Wilkins was married at least twice.
- He married first, in 1810, Charlotte Bingaman. She was a daughter of Adam Bingaman and a sister of Adam Lewis Bingaman. His wife Charlotte Wilkins died at Bay St. Louis in 1820 of yellow fever.
- He remarried in 1823, to Katherine Lintot Minor, a daughter of Stephen Minor. Historian Kimberly Welch found that in 1848 Katherine Minor Wilkins sued her husband in Adams County Chancery Court. Her suit "referred to both the 1839 and 1846 Mississippi Married Women’s Property Acts in her bill of complaint against her husband, James Wilkins, and the trustee of her property, Samuel Davis. Some years before, Catherine had inherited $20,000 in stock from her father and $10,000 from her uncle.
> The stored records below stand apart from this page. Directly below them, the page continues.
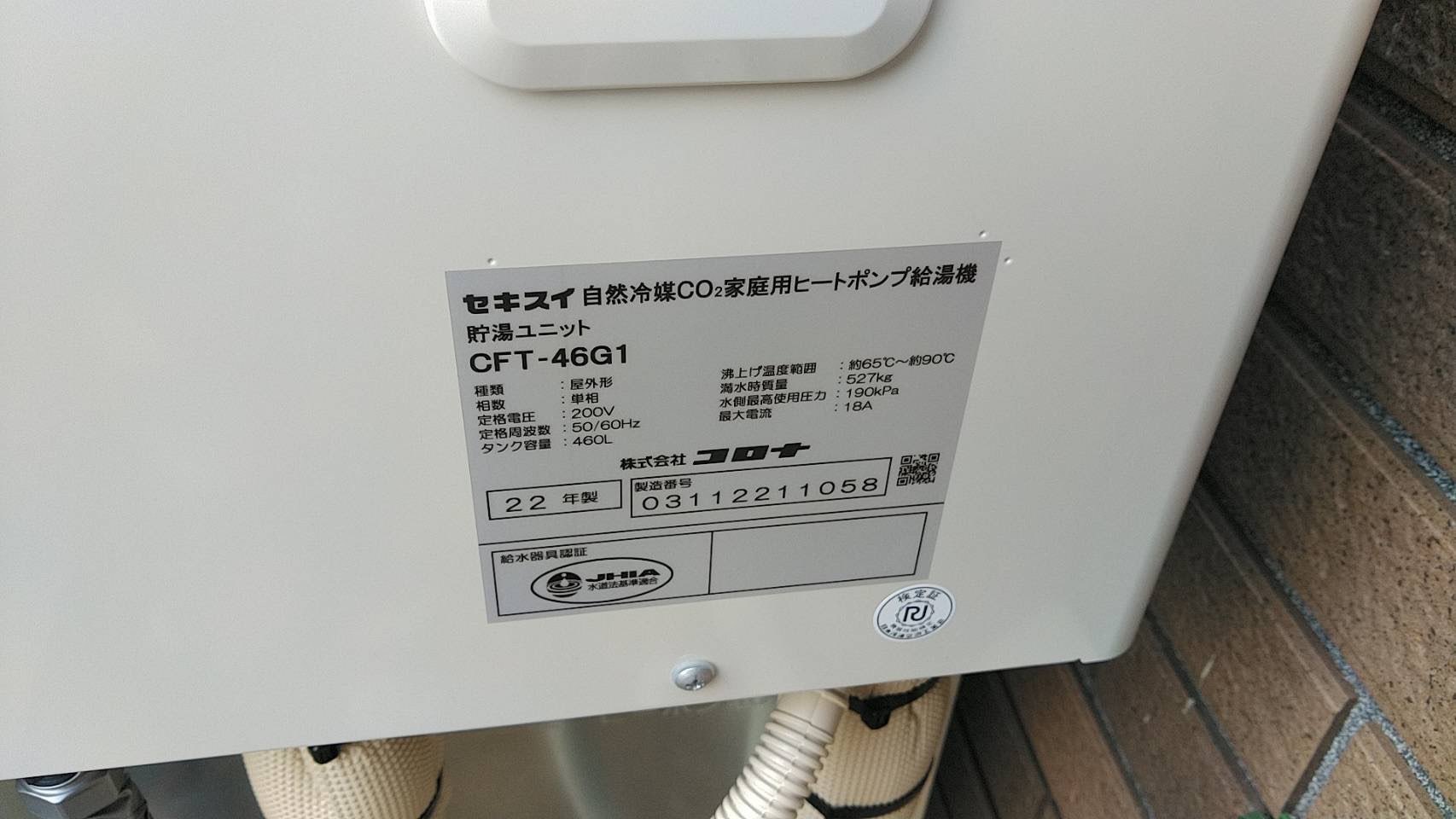 宮城県仙台市泉区 一般戸建お客様 コロナ製エコキュート取付工事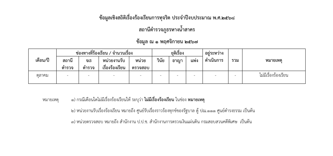 ข้อมูลสถิติเรื่องร้องเรียนการทุจริตและประพฤติมิชอบของเจ้าหน้าที่ของ                  สถานีตำรวจภูธรหางน้ำสาคร เดือน ตุลาคม 2567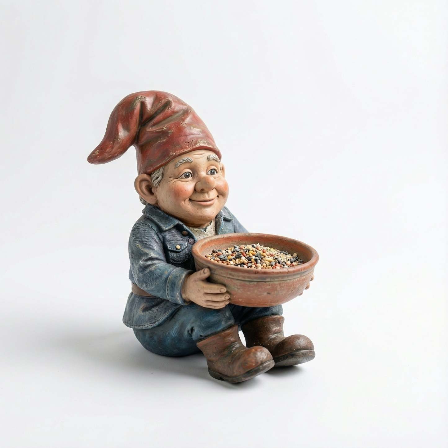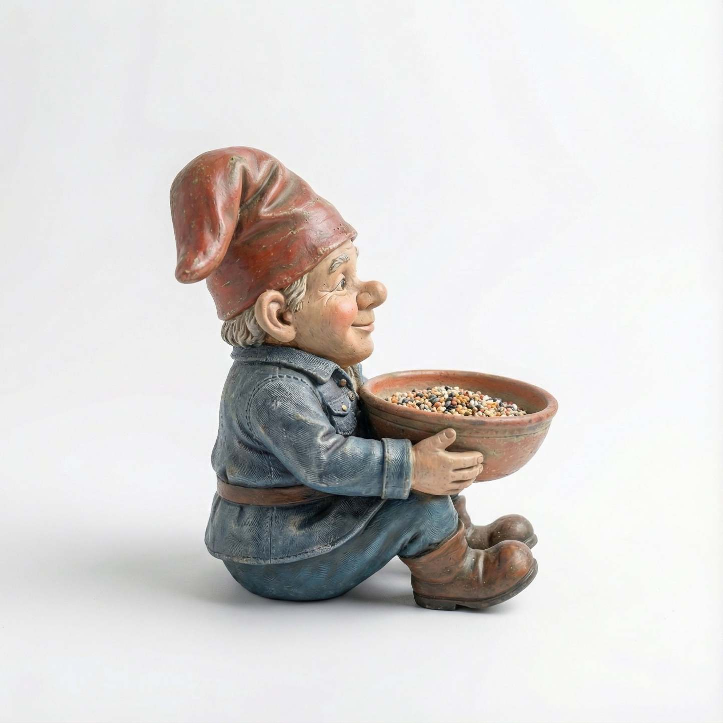 This gnome is: A quiet neighbor、A friend of the wild、A gentle presence in the garden、He doesn’t command the birds. He simply leaves food behind.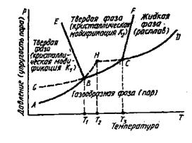 ОдноКомпонентные диаграммы состояния строятся в координатах температура (ось абсцисс) - давление газообразной фазы или упругость паров над кристаллической или жидкой фазами (ось ординат). (Иногда на оси ординат в виде произвольной шкалы откладывается энергия Гиббса). Поскольку в данном случае давление принимается за переменный параметр системы, правило фаз используется для характеристики равновесных состояний однокомпонентных систем в виде f = К + 2 - Р. Ввиду трудности измерения упругости пара над тугоплавкими силикатными фазами в конденсированном состоянии и ее относительно малой зависимости от температуры, осью ординат часто служит произвольная шкала, т. е. на ней не указываются значения упругости пара, а обозначается только направление повышения этого параметра. Основным элементом строения однокомпонентных диаграмм состояния являются линии упругости пара (линии АВ, ВС, CD BE. CF, рис. 1). которые разделяют все поле диаграммы на области стабильною существования отдельных фаз (обозначения этих фаз указываются в соответствующих областях диаграммы). Ниже кривой ABCD находится область газообразной фазы (пара), область ABE является областью равновесного существования модификации К1, область EBCF - модификации К2 и область FCD - жидкой фазы (расплава). Все эти области однофазны и согласно правилу фаз для однокомпонентных систем дивариантны, т. е. в границах этих областей можно произвольно менять два параметра (температуру и давление), не нарушая равновесие и системе, т. е, пс изменяя число и состав фаз. Вдоль линий упругости пара АВ, ВС, CD, BE и СЕ, разделяющих области существования отдельных фаз, в равновесии находятся соответственно по две фазы: твердая фаза К1 - пар (АВ), твердая фаза К2 - нар (ВС), жидкость - пар (CD), твердая фаза К1 - твердая фаза К2 (BE) и твердая фаза К1, - жидкость (CF). Точкам этих линии соответствует моновариантное состояние системы, т. е. можно изменять произвольно без нарушения равновесия только какой-либо один параметр системы, например температуру, при этом второй зависимый параметр системы (давление) в соответствии с изменением температуры будет принимать строго определенное значение. Фигуративная точка, выражающая состояние системы, будет перемешаться при этом вдоль линий упругости пара. Как видно из диаграммы (рис. I), каждая полиморфная модификация имеет свою область температур и давлений, в которой она существует в стабильном (равновесном) состоянии, и никакая другая модификация этого же вещества в той же области стабильной быть не может. Это следует из того, что стабильная равновесная форма кристаллического вещества должна иметь минимальную энергию Гибоса. Если же при данных температуре и давлении существуют две модификации одного и того же вещества с разной структурой, то энергия Гибоса их должна быть различной, т. е. для одной из модификаций она будет больше, и эта форма будет метастабильной но отношению к форме с минимальной энергией Гибоса. Однако в области стабильности какой-либо полиморфной формы кристаллического вещества другие модификации могут существовать в метастабилъном состоянии. Если продолжить линию упругости пара модификации К1 (кривая ВС) в область стабильного существования модификации К2, то полученная кривая GB будет являться линией упругости пара модификации К2, существующей в метастабильном 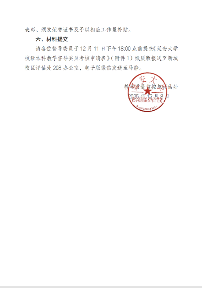 关于开展2025年校级本科教学督导委员考核及评优的通知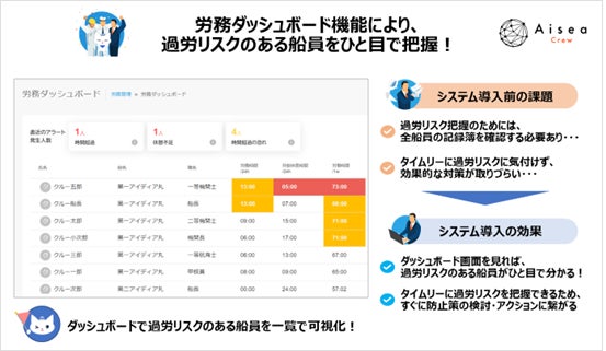 2つ目は過重労働リスクが発生した場合、アラートにより陸上管理者がタイムリーにリスクを把握することができ、速やかに過労防止措置を取ることができるようになりました。システム導入前は、各船員の過重労働リスクを把握するためには全船員の労務状況を個別に確認する必要がありましたが、Aisea Crewの陸上管理者向けWebシステムの大きな特徴である「労務ダッシュボード機能」により、一覧画面で過重労働の恐れのある船員をアラートでタイムリーに確認することが可能となり、過重労働防止措置の高度化へと繋がりました。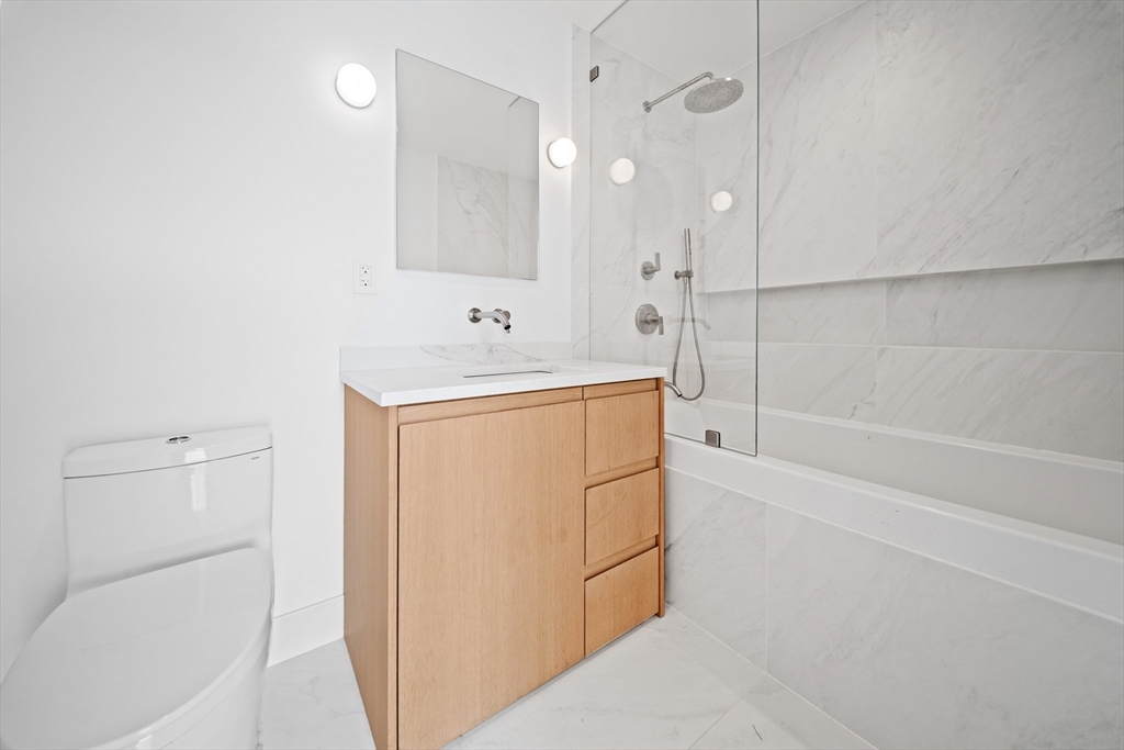 Experience modern living in this newly renovated 2 bed, 2 full bath condo at FP3, located in Boston’s vibrant Seaport neighborhood. This 7th-floor unit offers 1082 sq ft of space with high ceilings, floor-to-ceiling south-facing windows, and an open-concept layout that blends industrial character with contemporary finishes. The sleek kitchen features stainless steel appliances and custom cabinetry, while the spacious living area flows seamlessly onto a private outdoor terrace—perfect for entertaining or relaxing. The bedrooms are generously sized, and the bathrooms are elegantly appointed with modern fixtures. Additional highlights include heated bathroom floors, electric blinds, and central HVAC. FP3 is a professionally managed elevator building with 24-hour concierge service, a stylish lobby featuring a local Boston artist gallery, and access to a shared rooftop terrace.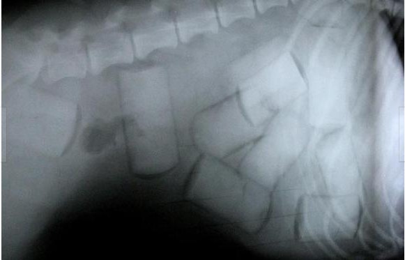 一只拉布拉多犬被送到欧洲之前,一个哥伦比亚兽医把毒品放入它的体内,图为拉布拉多犬的X光照片显示,其胃部和胃粘膜之间藏有许多小包装的可卡因。 (责任编辑:admin)
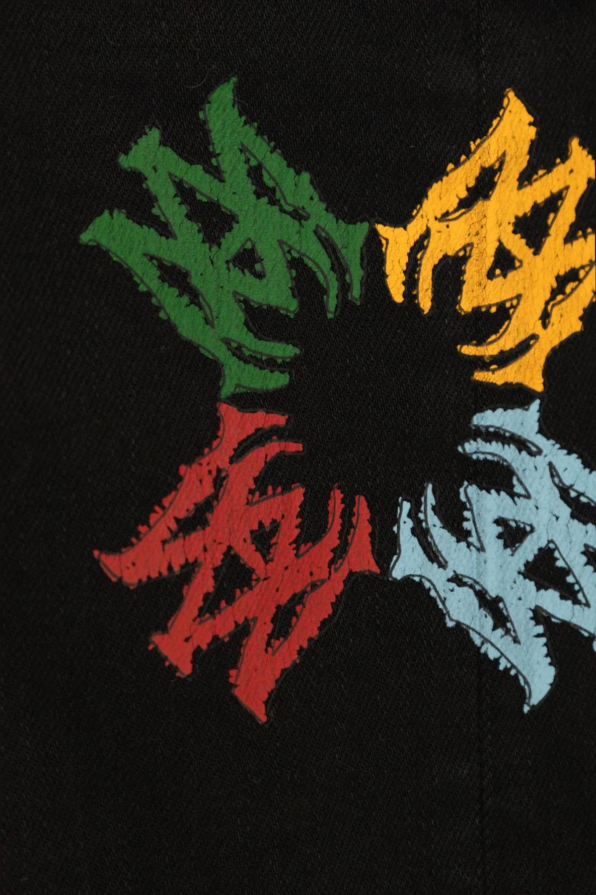 Der gerade Schnitt mit weiten Beinen harmoniert perfekt mit den bunten Stickereien auf der Vorderseite, die den Hosen einen einzigartigen Charakter verleihen. Abstrakte Muster in Rot, Grün, Gelb und Blau machen diese Jeans zu einem echten Schmuckstück in der Garderobe jedes jungen Modebegeisterten. Zusätzlich betonen elegante Details wie der Metallknopf und die Nieten an den Taschen ihren exklusiven Charakter.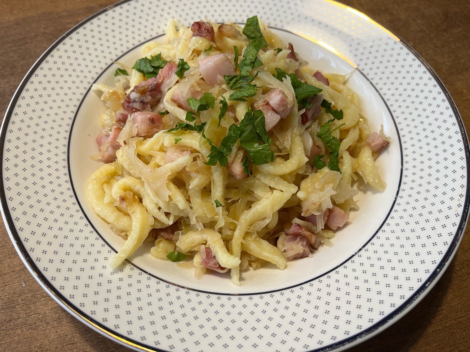 Někdy stačí málo, třeba špecle s bůčkem a kysaným zelím.
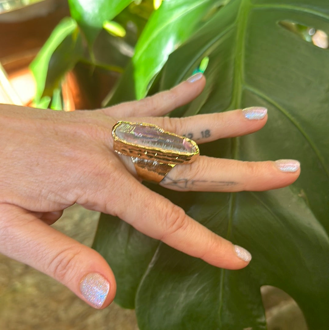 Lemurian quartz stone set in brass with a very heavy real 24k overlay.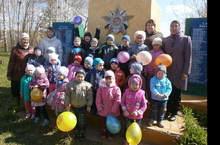 9 май - Җиңү көне уңаеннан балалар, һәйкәлгә барып, чәчәкләр куйдылар.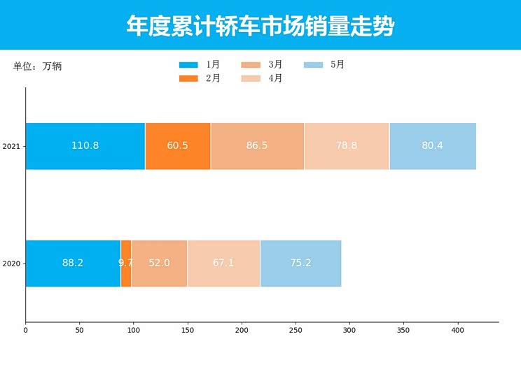 从累计销量数据来看,2021年1-5月,轿车累计销量416.9万辆,同比累计上涨43%。较去年累计情况相比,轿车累计销量增幅上涨74%。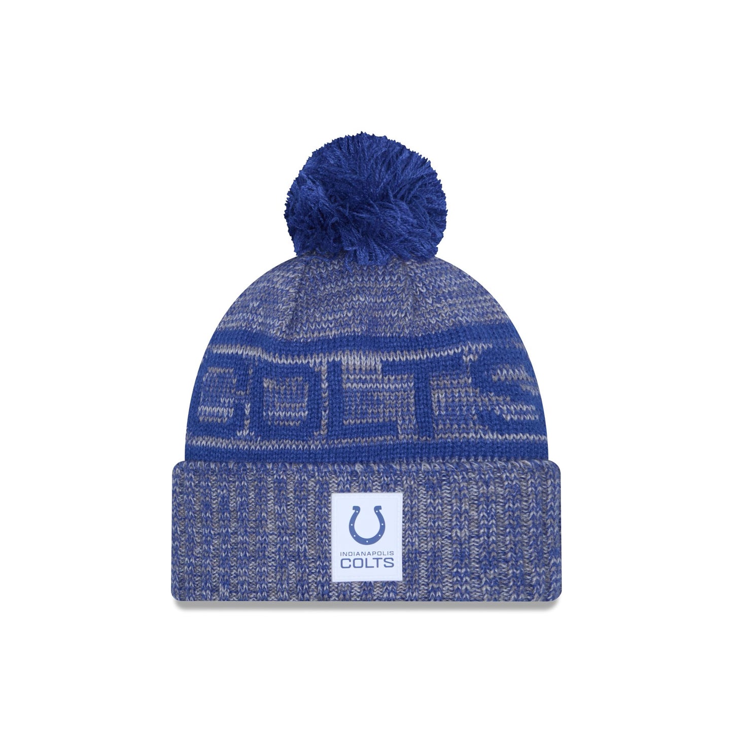 The Indianapolis Colts 2025 Sideline Cold Weather Gray Pom Knit Hat features a sewn-down silicone Colts white logo patch at the front cuff with a matching Official NFL Shield logo at the rear. Additional details include a team wordmark across the crown, a one-time removeable pom, and a fleece lining.

Her husband managed the property, and because he owned nothing of his own, her wealth supported their household and family.  But, Catherine claimed, James was a poor manager, and their house was in disrepair. In light of 'the act of the Legislature in relation to the rights of married women passed in 1839, and its amendment of 1846,' Catherine insisted that she was 'competent to hold her property in her own name or the proceeds of it.' These laws granted her the capacity to manage and control her property, she told the court. She asked that the judge dismiss her trustee and remove the control of her property from her husband, who could not responsibly manage it. The judge agreed, and Catherine became the administrator of her property."

- In 1838 his daughter Catherine Wilkins married Natchez attorney Samuel S. Boyd at Arlington house.
- In 1853, Frances Chotard Wilkins, daughter of James C. and Catherine Wilkins, died at Concord.